Just for the record (Score:5, Interesting)
The first piece of the space station was Zarya, the Russian control module that was launched into orbit November 20, 1998. A few weeks later, on December 4, 1998, the U.S. module Unity was launched into space. On December 7, 1998, the two modules were connected.
That makes the ISS just over 8 years in service.
How old is Atlantis?
Space Shuttle Atlantis has completed 27 flights, spent 220.40-days in space, completed 3468 orbits, and flown 89908732 miles in total, as of September 2006. Atlantis visited visited MIR in 1997!
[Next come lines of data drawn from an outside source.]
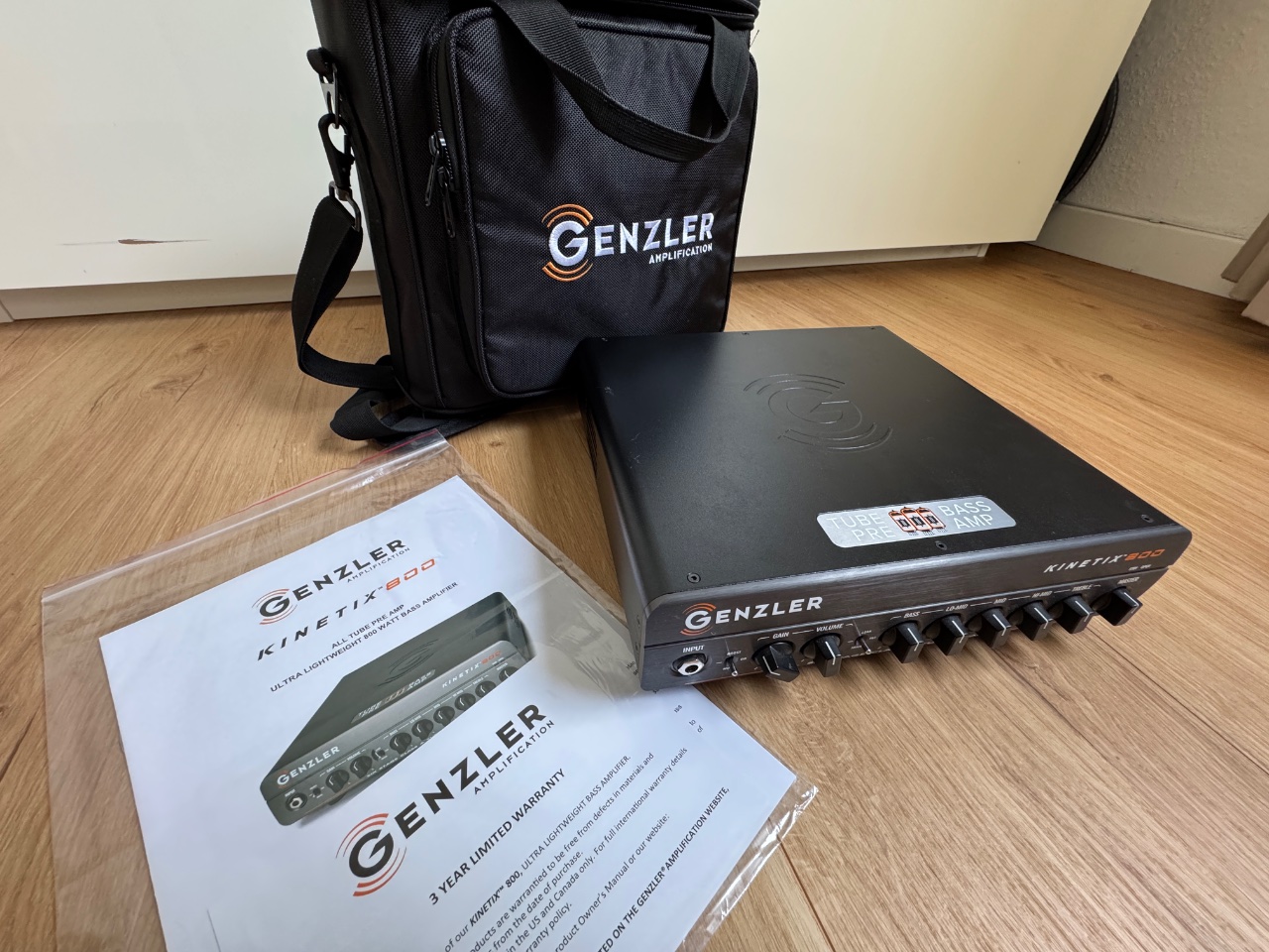 Verkaufe meinen Genzler Kinetix 800, ca 1,5 Jahre alt, OVP mit schickem und qualitativ hochwertigem Täschchen (nicht so ein dünnes Zeug). Habe ihn ein paar Mal live gespielt und sonst im Proberaum, der Zustand ist top und toller Sound mit 3 Röhren. Bei Bass Buddha gekauft, als er gerade auf den Markt kam und hierzulande noch nicht verfügbar war. Verkaufe ihn nur, weil ich jetzt meinen passenden Mesa 800 zu meinen Mesa-Boxen erhalten habe. Reviews findet ihr dazu sicherlich ausreichend im Netz und auch hier im Forum. NP: 1399,00 Euro.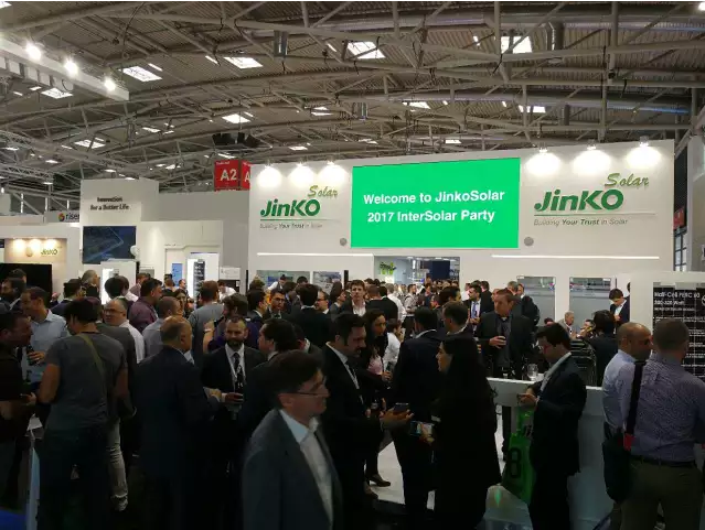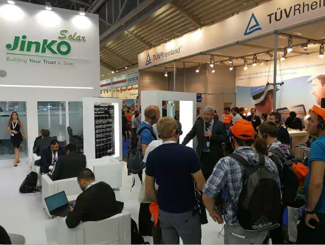 简洁的展台设计与新组件的展示,晶科能源在今年的InterSolar 欧洲展会展现出了行业第一的国际化的品牌形象。晶科首次展出半片组件和PERC MX组件,展位人头攒动热闹非凡,是本次展会中最闪亮的焦点之一。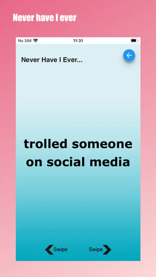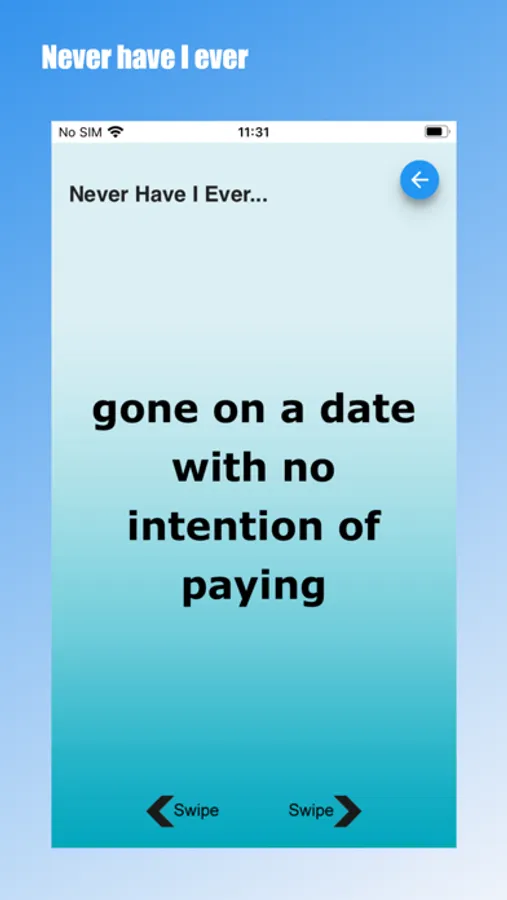 Never Have I Ever: One person reads out a statement. If any of the players have done it, they must carry out a forfeit predetermined before the game.
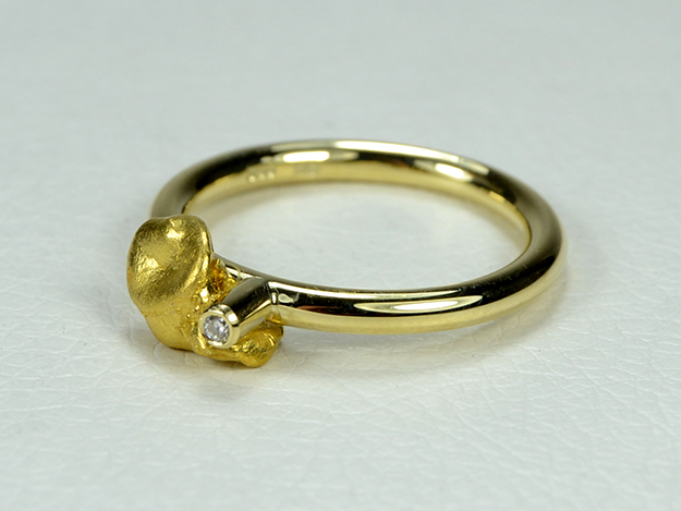 Eine Rheingoldgranalie 922/000-927/000, auf einer 585/000 Gelbgold-Runddrahtschiene mit kleinem Brillant.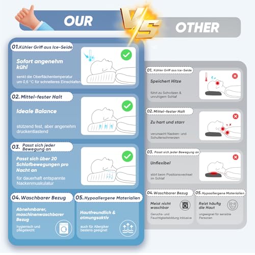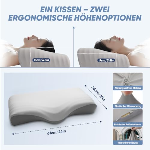 🔹 Ergonomisches & orthopädisches Design Dieses orthopädische Nackenkissen mit Memory Foam passt sich exakt der natürlichen Form von Kopf, Nacken und Schultern an. Die höhenverstellbare Konstruktion optimiert die Ausrichtung der Halswirbelsäule – egal ob Sie Rücken-, Seiten- oder Bauchschläfer sind. ✅ Unterstützung für den Nacken und verbesserte Schlafhaltung. • 🔹 Gedächtnisschaum mit Anti-Schnarch-Wirkung Unser hochwertiger Memory Foam sitzt weder zu hart noch zu weich – mit einer mittigen Mulde, die Atemwege offenhält und Schnarchen reduziert. ✅ Entspannung im Nackenbereich und ruhiger Schlaf. • 🔹 Zwei Höhenoptionen (11 cm & 9 cm) Wählen Sie zwischen 11 cm für Rücken‑ und Seitenschläfer oder 9 cm für Bauchschläfer. So finden Sie die ideale Unterstützung, abgestimmt auf Ihre Schlafposition und Schultern. ✅ Perfekte Höhenanpassung für maximalen Komfort jede Nacht. • 🔹 Premium Memory Foam – zertifiziert und temperaturausgleichend Der dicht strukturierte Memory Foam ist CertiPUR‑US und OEKO‑TEX zertifiziert – schadstofffrei, langlebig und atmungsaktiv. Er behält seine Form, vermeidet Durchsinken und bietet spürbar kühlen Schlafkomfort. ✅ Stabilität, Hygiene und Temperaturregulierung in einem. • 🔹 Kühlender Ice‑Silk Bezug Die hautfreundliche Ice‑Silk Hülle kühlt die Oberfläche um bis zu 0,6 °C ab und unterstützt damit tiefen, ungestörten Schlaf – ideal für wärmeempfindliche Schläfer. ✅ Kühleoberfläche für entspannten Schlaf – besonders in warmen Nächten. • 🔹 Warme Tipps & 100 % Zufriedenheitsgarantie Memory Foam kann beim Auspacken leicht riechen – das ist normal und verfliegt meist nach 3–5 Tagen Lüften. ✅ Nicht zufrieden? Unser deutschsprachiger Kundenservice hilft schnell und unkompliziert weiter – Ihr Wohlbefinden ist uns wichtig.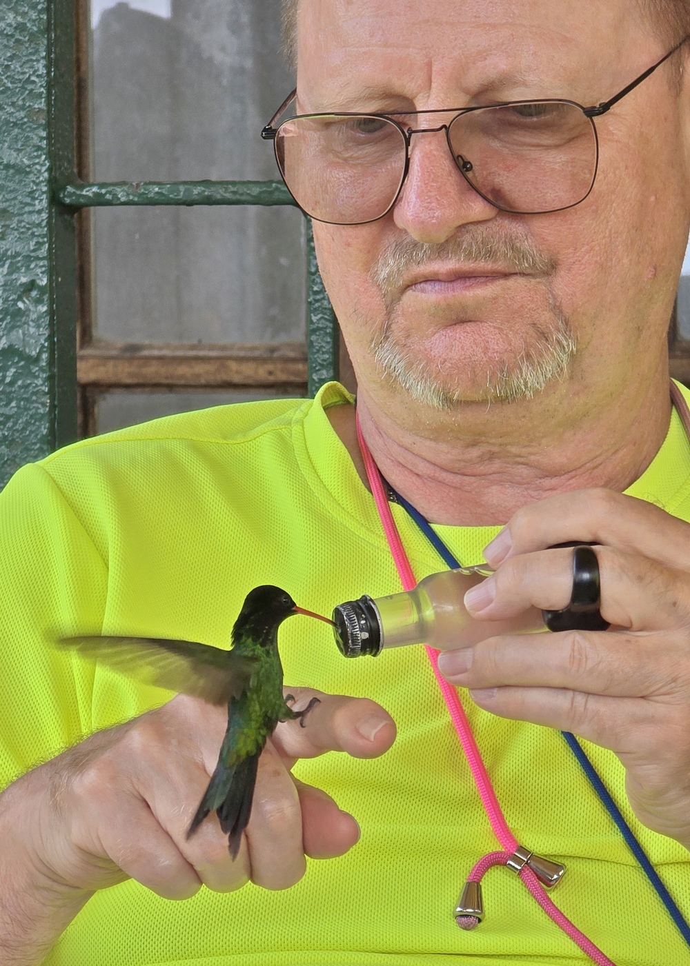 In einem Freiluftpavillon nahmen wir Platz und ausgestattet mit einem Fläschchen Zuckerwasser ...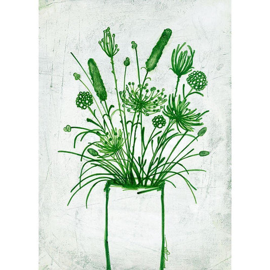 Gestural Brush, Green Gold Ornate Wood Framed Art Print with Double Matting by Gold, Lora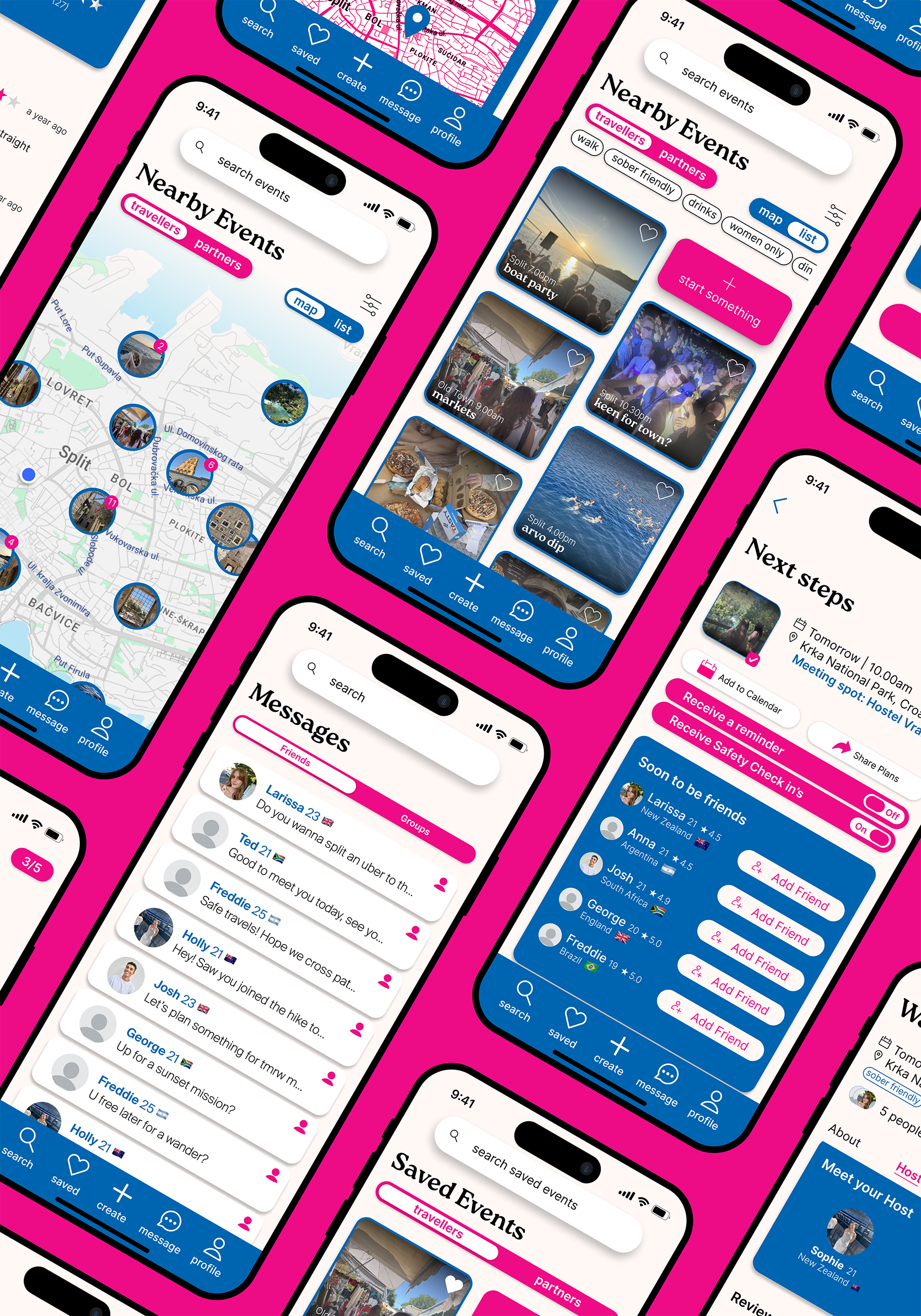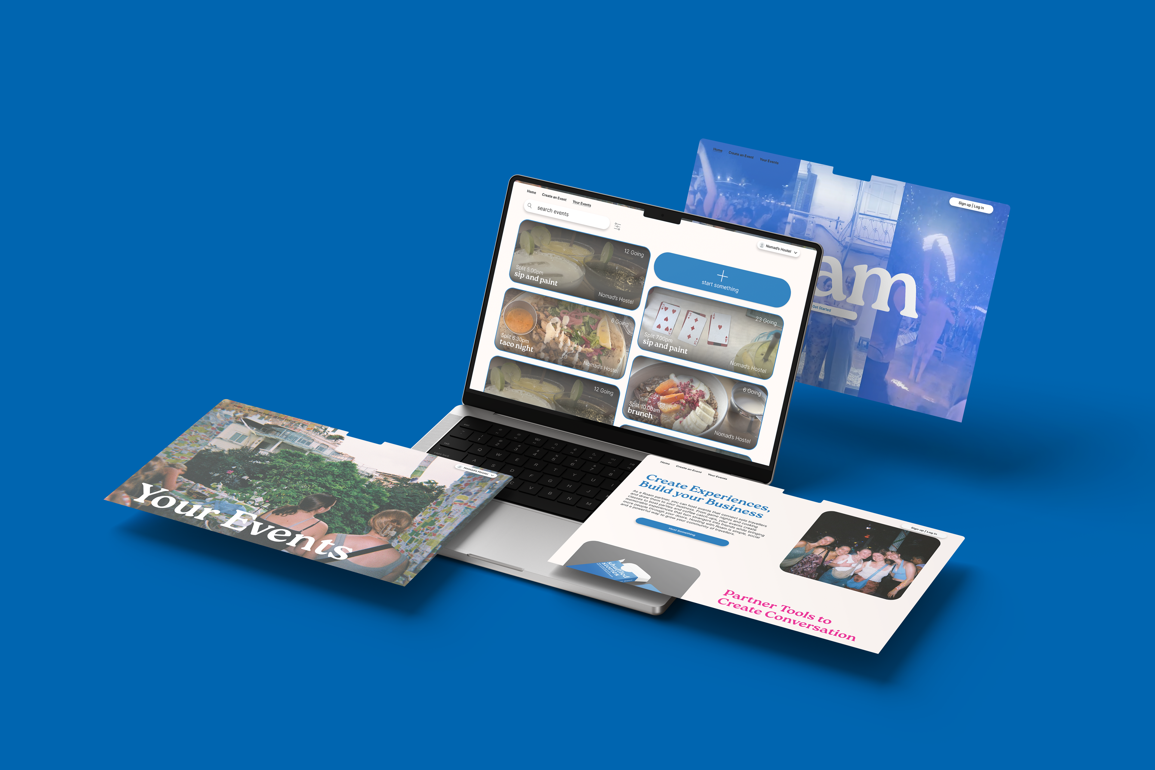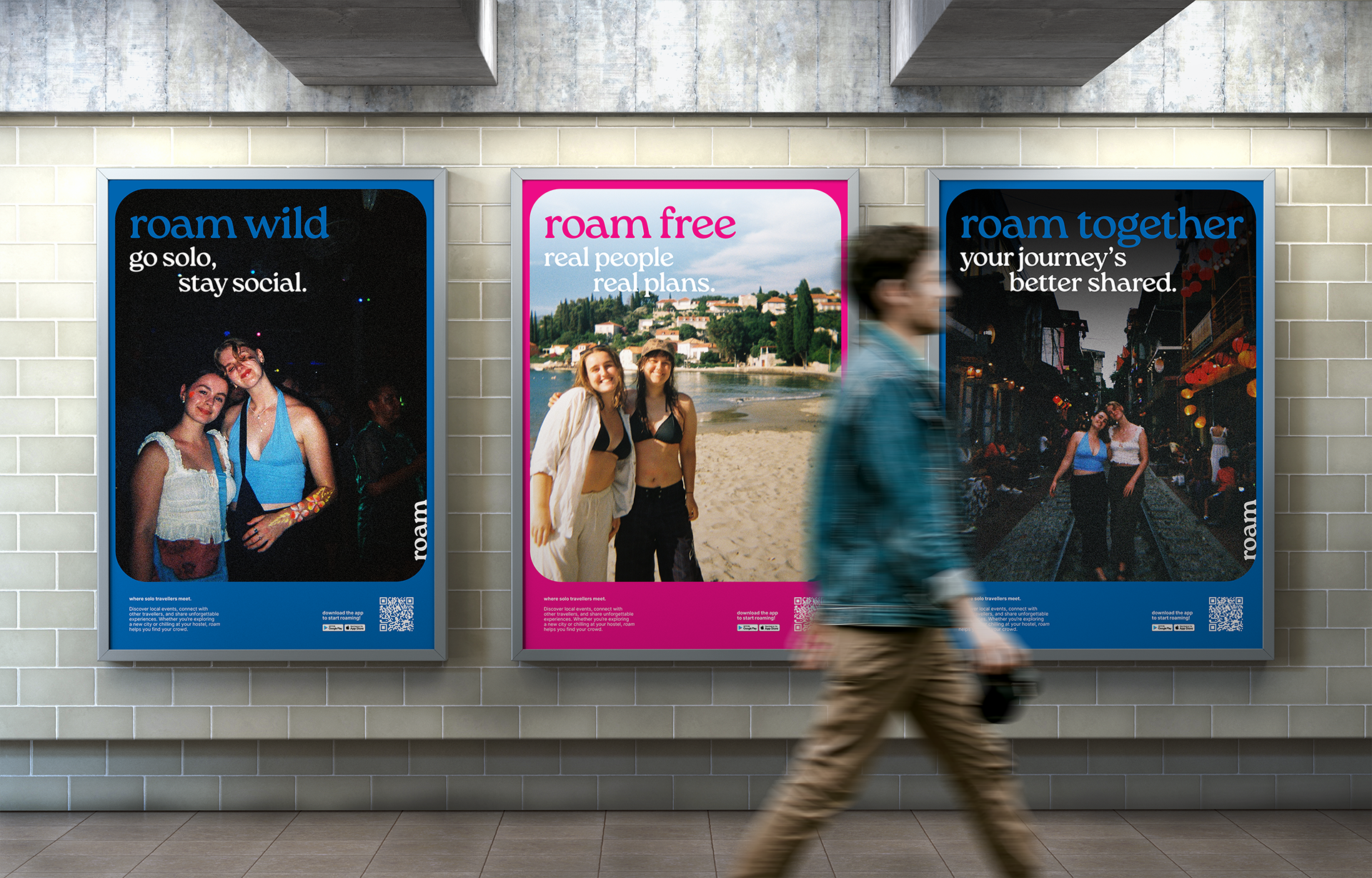 Roam is my Massey University Honours project, created to connect solo travellers through shared events and experiences while maintaining independence. The app allows users to discover and join nearby social events, meet like-minded travellers, and explore together at their own pace.

Atlantis is 23 years old as of last April. 21 years in service. More than twice as old as the ISS.
Now, tell again - which is the real bucket of bolts? ISS or Atlantis?
NASA uses 30-year old UNIX derivative (Score:3, Interesting)
Re:OS? (Score:1, Interesting)
Try here [kasperd.net].
Re:OS? (Score:2, Interesting)
The kernel holds a lot of information, such as which processes are running, memory allocation, drivers etc. For a true in-place switchover to a new kernel (i.e., all programs keep running as if nothing happened), all that information has to be copied over.
The other option is to load the new kernel image to memory, shut down all processes and unload drivers, jump to new kernel and start a standard initialization. That would be the same as doing a 'shutdown -r', except that the new kernel is loaded by the old kernel instead of by the BIOS.